* Information supplied *

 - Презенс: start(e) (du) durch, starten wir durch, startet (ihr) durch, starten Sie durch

--

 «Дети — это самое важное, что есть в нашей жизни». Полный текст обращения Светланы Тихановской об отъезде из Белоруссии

* * *

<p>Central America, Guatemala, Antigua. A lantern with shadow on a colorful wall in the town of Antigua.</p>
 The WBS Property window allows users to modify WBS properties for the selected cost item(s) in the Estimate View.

* Aim of the task *
What you return must be the lines above that run from the line with "<p>Central America, Guatemala, Antigua." to the line with "The WBS Property", inclusive, each copied exactly.

* Result *
<p>Central America, Guatemala, Antigua. A lantern with shadow on a colorful wall in the town of Antigua.</p>
 The WBS Property window allows users to modify WBS properties for the selected cost item(s) in the Estimate View.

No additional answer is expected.